• _RECORDS SUPPLIED_
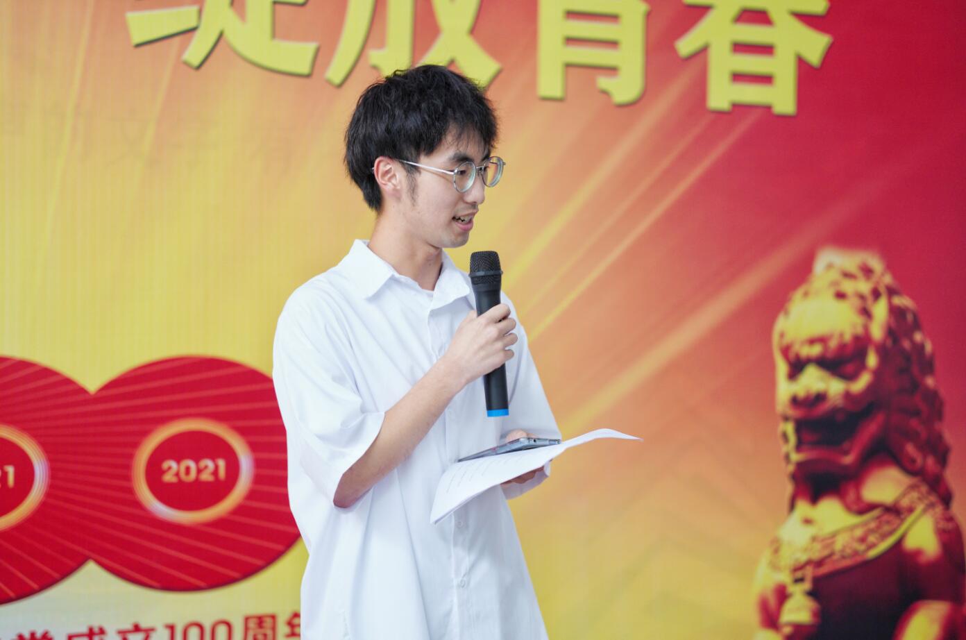“红船逆浪筹理想,举帜前行扬远航。”“中华振臂唤强音,五岳长征照路明。”“我淌过大海无边,铺起大桥通两岸,我冲破层叠大气,遨游于浩瀚太空。”一句句气韵雄浑的诗文中蕴含着耳熟能详的红色历史故事,再现了中国共产党领导人民从胜利走向辉煌的百年征程。《百年》、《百年峥嵘》、《星火燎原,理想照耀中华》、《百年礼赞》、《红》、《忆百年•当立时》等一首首原创诗歌,在朗诵者或婉转低回,或气势磅礴的精彩演绎下,深情传递着人文学子对党的热爱,对革命先烈的缅怀。
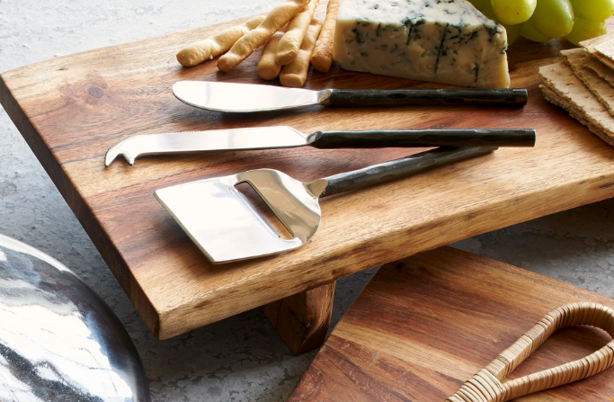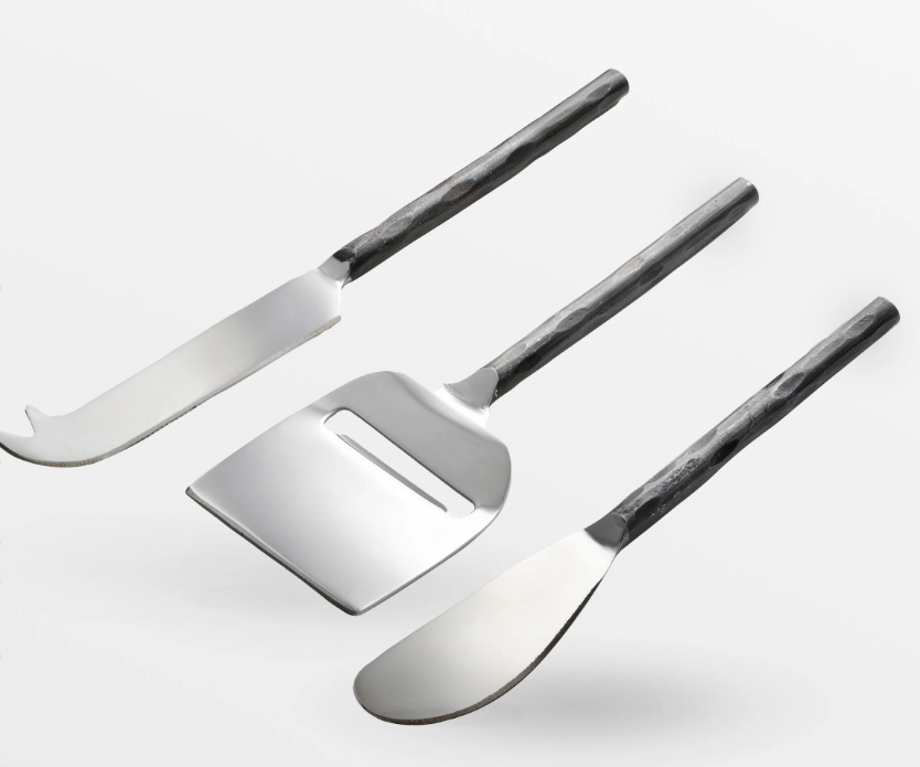 This set of 3 stainless steel cheese knives is hand forged by artisans in India.
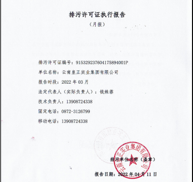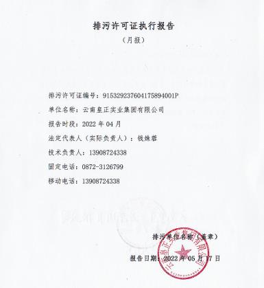 云南皇正實(shí)業(yè)集團(tuán)有限公司4月排污許可執(zhí)行報告
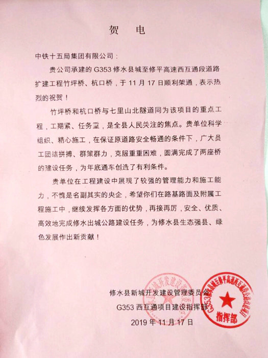修水G353項目一座隧道已經(jīng)貫通,正進行收尾施工,兩座橋的架通,為全標段實現(xiàn)年底通車目標掃除了障礙。
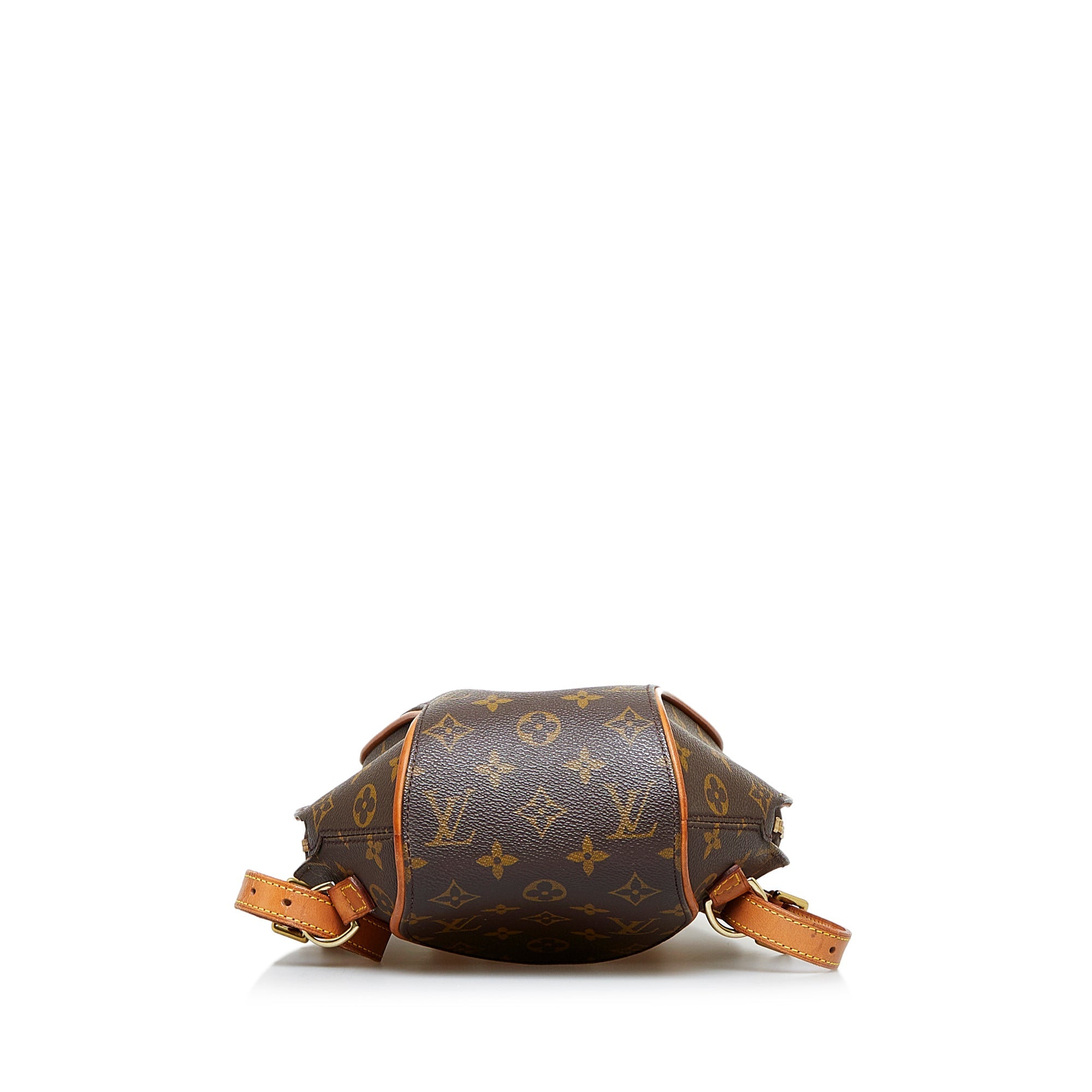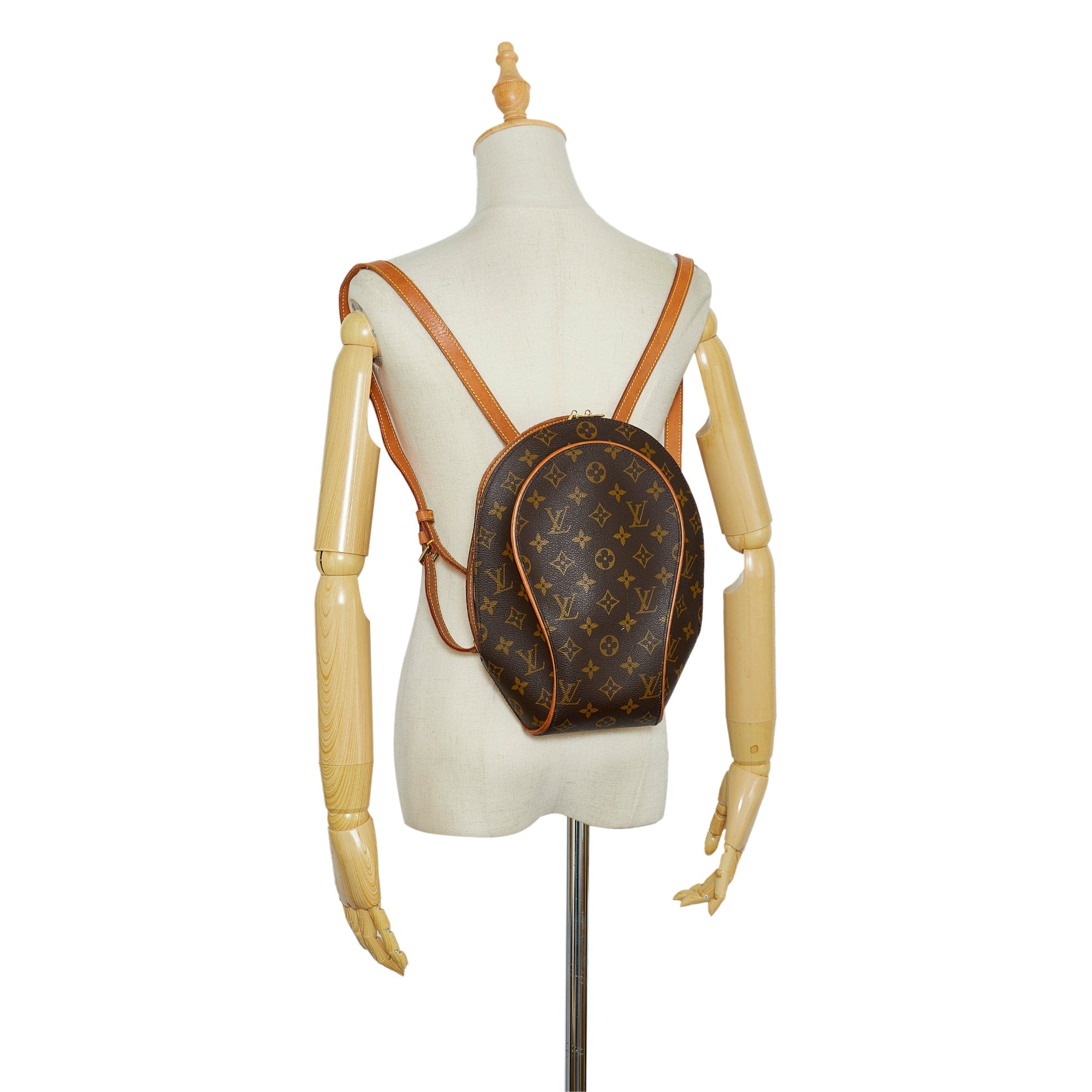 This shapely LV Ellipse Sac a Dos backpack is crafted of brown Monogram canvas and complemented by tan leather trim and straps and gold hardware. The interior is accessed via a gold double zipper. Here you will find a slip pocket. The leather straps can be varied in length for comfortable carrying. This model is no longer in production and enjoys great popularity among fans because of its unusual design.

• _EXERCISE REQUIREMENTS_
Starting at the top of the listing above, reproduce each line up to and including the one with "修水G353項目一座隧道已經"; omit the pictures.

• _EXERCISE RESPONSE_
“红船逆浪筹理想,举帜前行扬远航。”“中华振臂唤强音,五岳长征照路明。”“我淌过大海无边,铺起大桥通两岸,我冲破层叠大气,遨游于浩瀚太空。”一句句气韵雄浑的诗文中蕴含着耳熟能详的红色历史故事,再现了中国共产党领导人民从胜利走向辉煌的百年征程。《百年》、《百年峥嵘》、《星火燎原,理想照耀中华》、《百年礼赞》、《红》、《忆百年•当立时》等一首首原创诗歌,在朗诵者或婉转低回,或气势磅礴的精彩演绎下,深情传递着人文学子对党的热爱,对革命先烈的缅怀。
 This set of 3 stainless steel cheese knives is hand forged by artisans in India.
 云南皇正實(shí)業(yè)集團(tuán)有限公司4月排污許可執(zhí)行報告
修水G353項目一座隧道已經(jīng)貫通,正進行收尾施工,兩座橋的架通,為全標段實現(xiàn)年底通車目標掃除了障礙。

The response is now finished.